Requirements for Sparse Matrix Data Structures

Sparse Matrix Data Structure Requirements

In general any components of a sparse matrix that are exactly 0.0 should not be stored, but in some cases it is more computationally efficient to allow a few to be included, as with the compressed diagonal storage (CDS) one described below. When the matrix has nnz nonzeros, the number of these additional entries should not exceed O(nnz). The applications considered in this course actually have nnz ∈ O(n) where n is the number of rows and number of columns of the matrix. Furthermore, for the simple applications considered here, nnz ≤ 27n. More generally that is not the case, e.g., in linear programming or solving ordinary differential equations (ODEs) in 1 or 2 spatial dimensions.

Data structures for sparse matrices sometimes require econdary storage (i.e., hard drive or SSD storage) during the computation, and are the major determining factor for computational efficiency via pipelining and data locality. Let n be the number of rows in a matrix A, and let nnz be the number of nonzeros in A. For now, just treat with square matrices - rectangular ones are readily handled similarly, typically with just the cost of storing another integer (the number of columns). We will use matrix-vector product as the kernel to explore different data structures for sparse matrices, since that is the most common operation for methods using them.

User ease

Because of increases in memory sizes available (in 2012, up to 64 Gbytes for a single processor), the data structure that end users interact with need not be the one that is actually stored and used for computations. For libraries that provide sparse matrix capabilities it is common to have an interface that allows users to enter the data readily, then internally the data is converted to a data structure that will be more efficient for computations. Similarly, on output you want to display the matrix in a way that allows users to determine if the matrix is correct.

Fill-in and sparse matrices

Another consideration is fill-in, described in more detail here. When computing the LU or QR factorization of a matrix, a common operation is adding a multiple of one row to another occur. If a multiple of row i is added to row j, entries that are zero in row j but are nonzero in row i will require storing new nonzeros in the modified row j. So one feature of a data structure for a sparse matrix is how easily new entries can be added to existing rows.
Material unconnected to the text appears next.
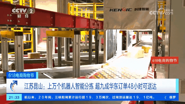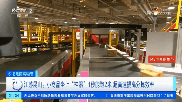 今年的618期间,总台央视记者探访打卡了目前全球规模最大的仓拣一体智能物流园区京东昆山亚一2期。在央视镜头下,由科捷智能规划提供的双轨双层小件环形交叉带分拣系统正在高效有序运转中。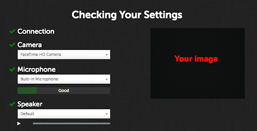 Next, your connection, camera, microphone, and speaker will be tested. To continue to your Live interview, all of your equipment must pass.

Augmenting a sparse matrix by including new rows or columns

If the matrix comes from a computational information retrieval problem as in LSI, each time a new document is added to the collection another column needs to be appended to the text-document matrix. Each time a new term is added, a new row must be added to the matrix - and all the preceding documents (columns) must be searched again to see if the new term appears in them. Adding new documents (especially web pages) is a common operation in LSI. Adding a new term may seem to be rare, but consider using a search engine which has not added terms like "LOLcat", "glitterbombed" or "clickjacking" to the list of terms its web spiders search for. So the ease and efficiency of adding new rows or columns to an existing sparse matrix data structure are important.